━━━ Exercise input

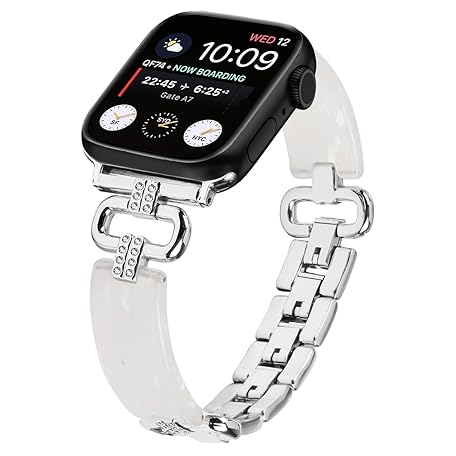 Miimall (マイモール) ラグジュアリー キラキラバンド Apple Watch 49/46/45/44/42/41/40/38mm Ultra 2/Ultra/SE 2/SE Series 10/9/8/7/6/5/4/3/2/1用 軽量 調節可能 樹脂ブレスレット メタルバンド付き iWatch用 レディース
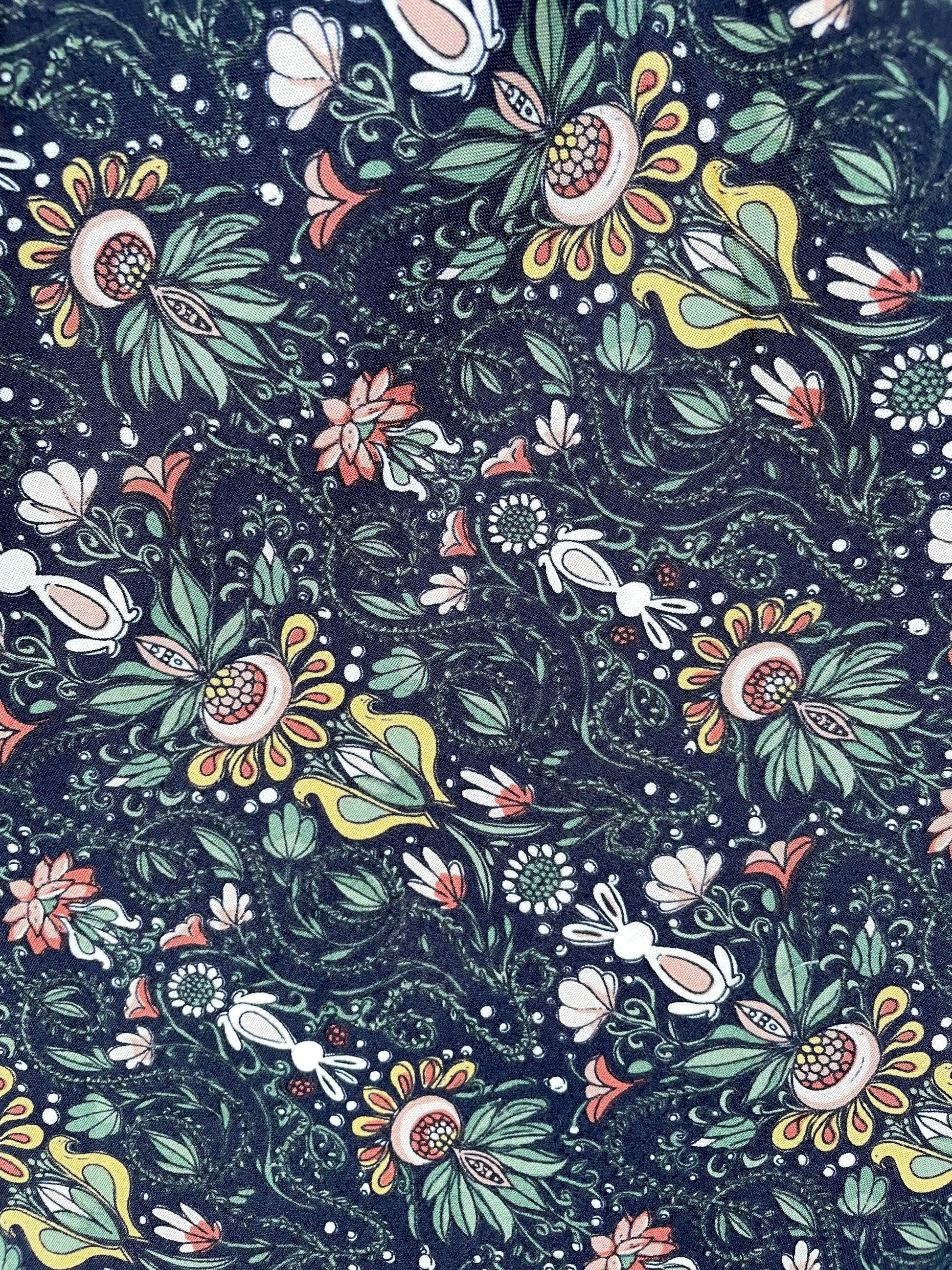A vintage style piece with fun, modern details; our midi dress is now available in our White Rabbit print. Made from 100% cotton, this classic 1950's inspired dress features a high neckline, longer length swing skirt with hidden side pockets, and back zippered closure. Shown with our mustard retro cinch belt.
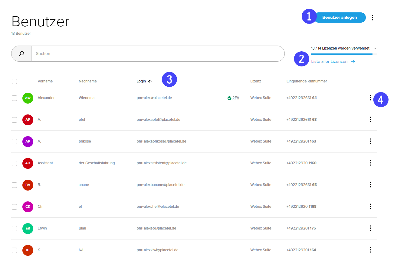 (3) - In dieser Tabelle können Sie nun Ihre angelegten Benutzer einsehen. Für jeden Benutzer sehen Sie hier den Vor- und Nachnamen, die E-Mail Adresse (die auch für den Webex Login verwendet wird), die Art der Lizenz und die zugewiesene eingehende Rufnummer. Zudem wird angezeigt, wenn für einen Benutzer die Zwei Faktor Authentifizierung eingerichtet wurde (s.u.).
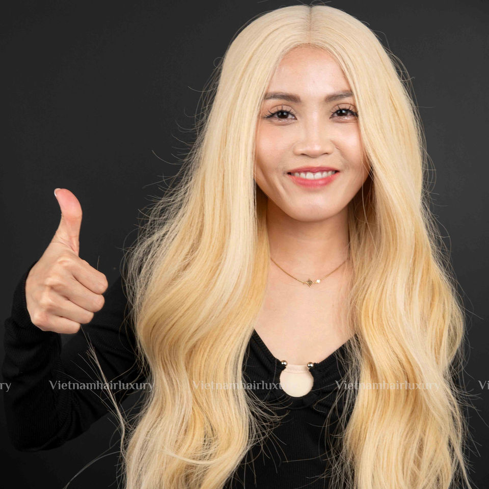 Perruque blonde dentelle frontale Cheveux vierges vietnamiens aspect naturel Prix d'usine
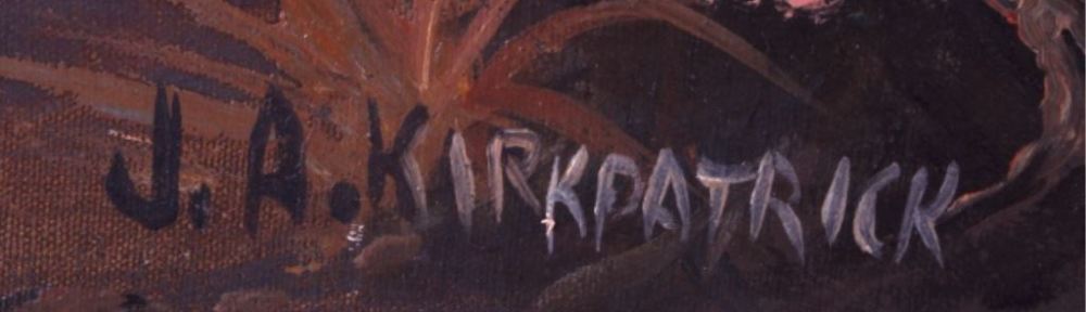 Although commercial artist by trade, Kirkpatrick produced oil paintings on the side. He was exceptionally prolific and created more than 3,000 original paintings over the course of his life. His work was often western themed and featured scenes of cowboys, ranchers, and American Indians. Obsessed with realistic detail, he filled his Jamestown studio with antique saddles, hats, chaps, tools, and other items from the ‘cowboy era’ that he would refer to when painting.
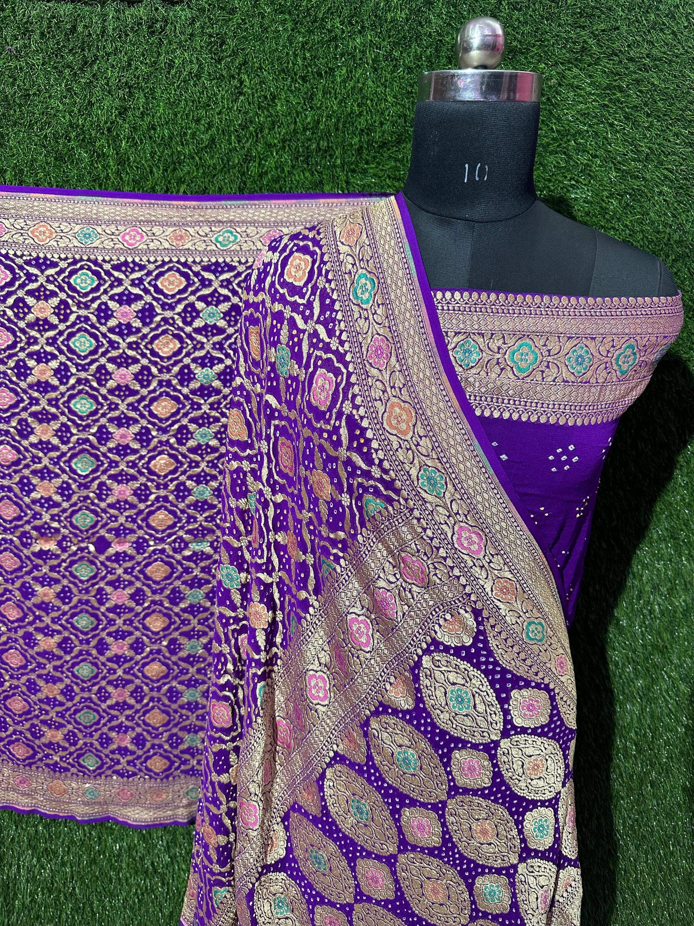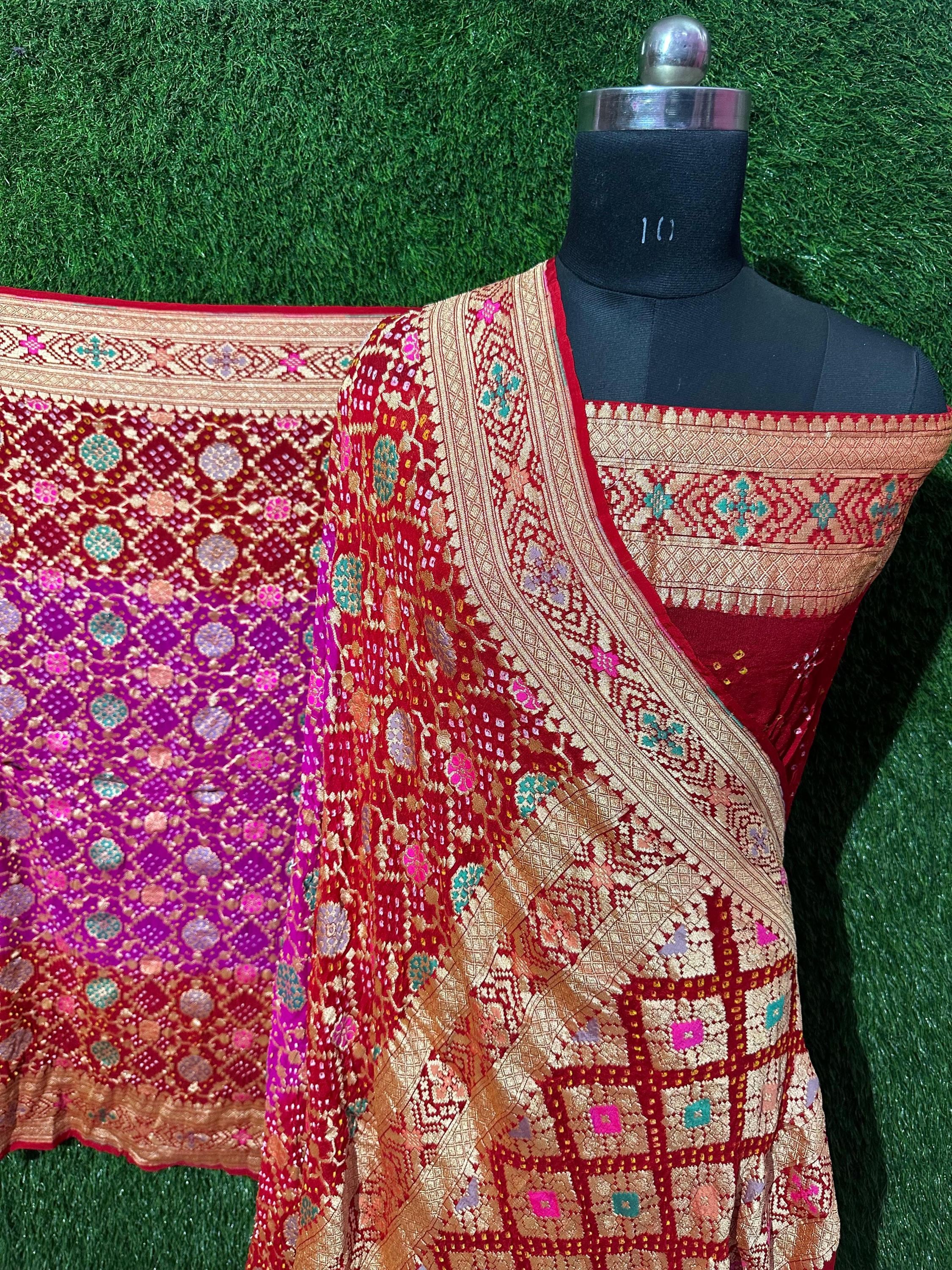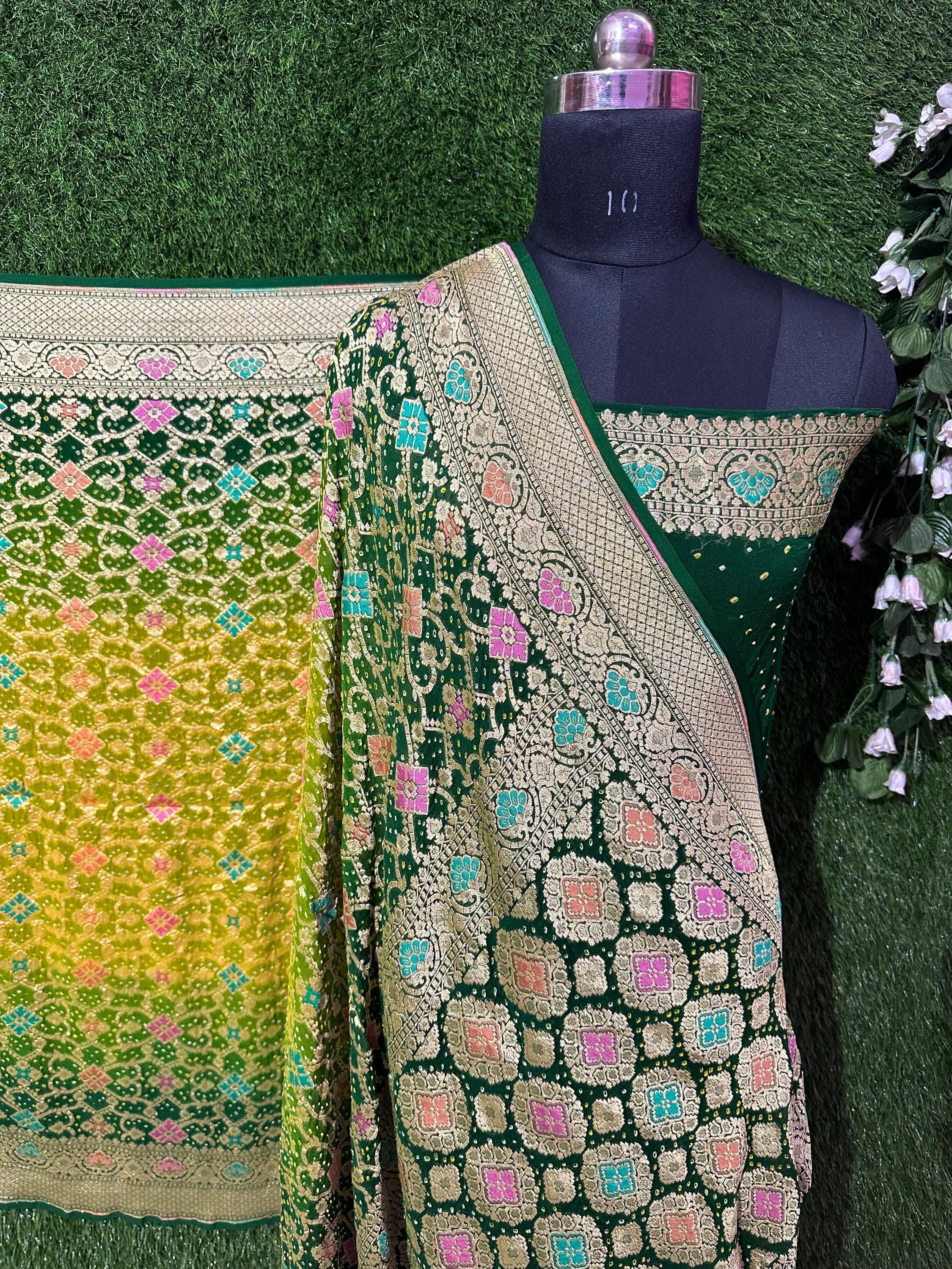 Experience the luxury of Bandhej khaddi georgette chiffon, adorned with exquisite handloom prints and a stunning organic banaras silk weave. This saree is a perfect fusion of heritage and contemporary elegance, making it ideal for weddings, festive occasions, and grand celebrations. A timeless masterpiece for your ethnic collection!
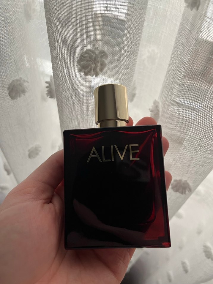 Altın kapaklı, koyu kırmızı şişede Alive kadın parfümü. Üzerinde "ALIVE" yazısı bulunur.
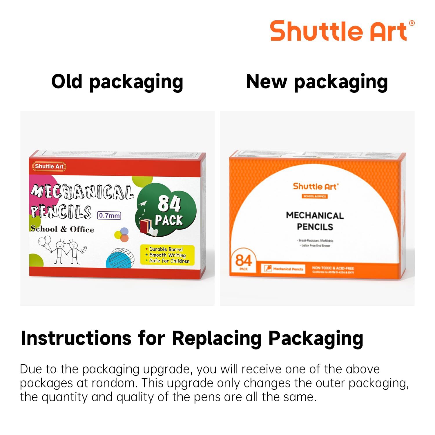 Bulk Mechanical Pencils 84 Pack 0.7mm HB #2 Assorted Colors for School Office 84 PACK VALUE SET: Shuttle Art 0.7mm Mechanical Pencils bulk set comes with 84 pack HB #2 mechanical pencils in 6 different barrel colors (14 pack of each color), perfect for daily writing and drawing at home, school and office ALWAYS READY TO USE: Pre-loaded with pencil lead, you can start writing at any time without the trouble of sharpening, ideal for testing, sketching, writhing on notebooks, journals, papers, etc SMOOTH WRITING & BREAK RESISTANT: High quality pencil leads are sturdy enough for long time writing. They goes smoothly and clearly on papers without smudging or smearing, and are break resistant even you press hard, quite suitable for kids and students. Conforms to ASTM-D4236, non-toxic and acid-free, safe for kids and adults END ERASER COME IN HANDY : Each lead pencil comes with an end eraser on the click button, with gentle rub, you can erase pencil marks easily and cleanly, and it’s durable enough for normal use SERVICE GUARANTEE: Your satisfaction is our top priority, please rest assured to purchase our products. If you are not satisfied with our products or have any questions, please feel free to contact us at any time Shipping We offer FREE shipping on all orders! We ship within Three business days of payment, usually sooner. We use a selection of shipping services such as UPS, FedEx, USPS etc. We only ship to the lower 48 states, no APO/FPO addresses or PO Boxes allowed. Local pickups and combined shipping options are not provided at this time. Return You can return a product for up to 30 days from the date you purchased it. Any product you return must be in the same condition you received it and in the original packaging. Please keep the receipt. Payment We accept payment by any of the following methods: PayPal Please pay as soon as possible after winning an auction, as that will allow us to post your item to you sooner! Feedback Customer satisfaction is very important to us. If you have any problem with your order, please contact us and we will do our best to make you satisfied. Contact Us If you have any queries, please contact us via ebay. We usually respond within 24 hours on weekdays. Please visit our eBay store to check out other items for sale! Thank you for shopping at our store.
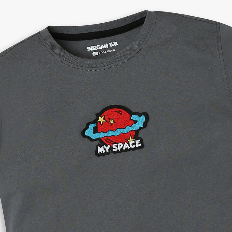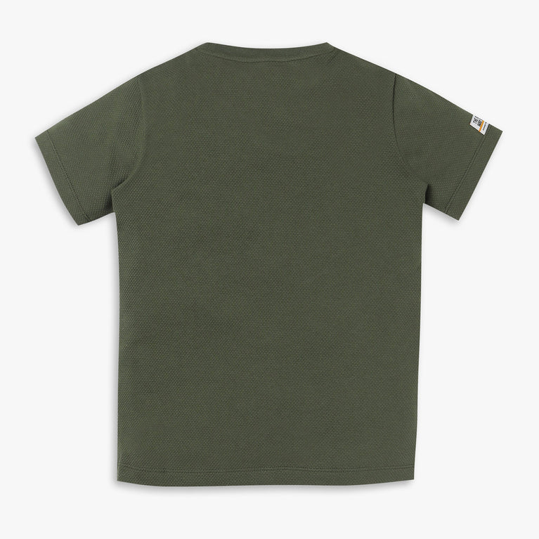 These solid pattern t-shirt has crew neck and half sleeve. Made from cotton, your kid's feel comfortable wearing the product.

━━━━━━

Task prompt: Give back the full listing exactly as written, only without its pictures.

Answer to the problem:
 Miimall (マイモール) ラグジュアリー キラキラバンド Apple Watch 49/46/45/44/42/41/40/38mm Ultra 2/Ultra/SE 2/SE Series 10/9/8/7/6/5/4/3/2/1用 軽量 調節可能 樹脂ブレスレット メタルバンド付き iWatch用 レディース
A vintage style piece with fun, modern details; our midi dress is now available in our White Rabbit print. Made from 100% cotton, this classic 1950's inspired dress features a high neckline, longer length swing skirt with hidden side pockets, and back zippered closure. Shown with our mustard retro cinch belt.
 (3) - In dieser Tabelle können Sie nun Ihre angelegten Benutzer einsehen. Für jeden Benutzer sehen Sie hier den Vor- und Nachnamen, die E-Mail Adresse (die auch für den Webex Login verwendet wird), die Art der Lizenz und die zugewiesene eingehende Rufnummer. Zudem wird angezeigt, wenn für einen Benutzer die Zwei Faktor Authentifizierung eingerichtet wurde (s.u.).
 Perruque blonde dentelle frontale Cheveux vierges vietnamiens aspect naturel Prix d'usine
 Although commercial artist by trade, Kirkpatrick produced oil paintings on the side. He was exceptionally prolific and created more than 3,000 original paintings over the course of his life. His work was often western themed and featured scenes of cowboys, ranchers, and American Indians. Obsessed with realistic detail, he filled his Jamestown studio with antique saddles, hats, chaps, tools, and other items from the ‘cowboy era’ that he would refer to when painting.
 Experience the luxury of Bandhej khaddi georgette chiffon, adorned with exquisite handloom prints and a stunning organic banaras silk weave. This saree is a perfect fusion of heritage and contemporary elegance, making it ideal for weddings, festive occasions, and grand celebrations. A timeless masterpiece for your ethnic collection!
 Altın kapaklı, koyu kırmızı şişede Alive kadın parfümü. Üzerinde "ALIVE" yazısı bulunur.
 Bulk Mechanical Pencils 84 Pack 0.7mm HB #2 Assorted Colors for School Office 84 PACK VALUE SET: Shuttle Art 0.7mm Mechanical Pencils bulk set comes with 84 pack HB #2 mechanical pencils in 6 different barrel colors (14 pack of each color), perfect for daily writing and drawing at home, school and office ALWAYS READY TO USE: Pre-loaded with pencil lead, you can start writing at any time without the trouble of sharpening, ideal for testing, sketching, writhing on notebooks, journals, papers, etc SMOOTH WRITING & BREAK RESISTANT: High quality pencil leads are sturdy enough for long time writing. They goes smoothly and clearly on papers without smudging or smearing, and are break resistant even you press hard, quite suitable for kids and students. Conforms to ASTM-D4236, non-toxic and acid-free, safe for kids and adults END ERASER COME IN HANDY : Each lead pencil comes with an end eraser on the click button, with gentle rub, you can erase pencil marks easily and cleanly, and it’s durable enough for normal use SERVICE GUARANTEE: Your satisfaction is our top priority, please rest assured to purchase our products. If you are not satisfied with our products or have any questions, please feel free to contact us at any time Shipping We offer FREE shipping on all orders! We ship within Three business days of payment, usually sooner. We use a selection of shipping services such as UPS, FedEx, USPS etc. We only ship to the lower 48 states, no APO/FPO addresses or PO Boxes allowed. Local pickups and combined shipping options are not provided at this time. Return You can return a product for up to 30 days from the date you purchased it. Any product you return must be in the same condition you received it and in the original packaging. Please keep the receipt. Payment We accept payment by any of the following methods: PayPal Please pay as soon as possible after winning an auction, as that will allow us to post your item to you sooner! Feedback Customer satisfaction is very important to us. If you have any problem with your order, please contact us and we will do our best to make you satisfied. Contact Us If you have any queries, please contact us via ebay. We usually respond within 24 hours on weekdays. Please visit our eBay store to check out other items for sale! Thank you for shopping at our store.
 These solid pattern t-shirt has crew neck and half sleeve. Made from cotton, your kid's feel comfortable wearing the product.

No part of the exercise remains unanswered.